Accurate Failure Prediction in Agents Does Not Imply Effective Failure Prevention
This work addresses the reliability of proactive interventions in AI agents, highlighting a critical gap in deployment safety for researchers and practitioners, though it is incremental in refining existing intervention frameworks.
The paper tackles the problem that accurate failure prediction in LLM critic models does not guarantee effective failure prevention, showing that a critic with high offline accuracy (AUROC 0.94) can cause severe performance degradation, such as a 26 percentage point collapse in one model, while having minimal effect on another.

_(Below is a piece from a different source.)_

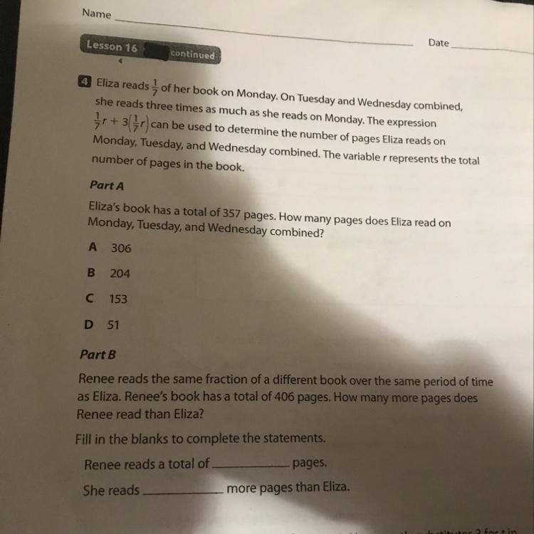 Part B: If Renee Reads the same fraction of a different book over the same period of time as Eliza, then if Renee's book has a total of 406 pages then combining Monday, Tuesday and Wednesday she reads a total of

Proactive interventions by LLM critic models are often assumed to improve reliability, yet their effects at deployment time are poorly understood. We show that a binary LLM critic with strong offline accuracy (AUROC 0.94) can nevertheless cause severe performance degradation, inducing a 26 percentage point (pp) collapse on one model while affecting another by near zero pp. This variability demonstrates that LLM critic accuracy alone is insufficient to determine whether intervention is safe. We identify a disruption-recovery tradeoff: interventions may recover failing trajectories but also disrupt trajectories that would have succeeded. Based on this insight, we propose a pre-deployment test that uses a small pilot of 50 tasks to estimate whether intervention is likely to help or harm, without requiring full deployment. Across benchmarks, the test correctly anticipates outcomes: intervention degrades performance on high-success tasks (0 to -26 pp), while yielding a modest improvement on the high-failure ALFWorld benchmark (+2.8 pp, p=0.014). The primary value of our framework is therefore identifying when not to intervene, preventing severe regressions before deployment.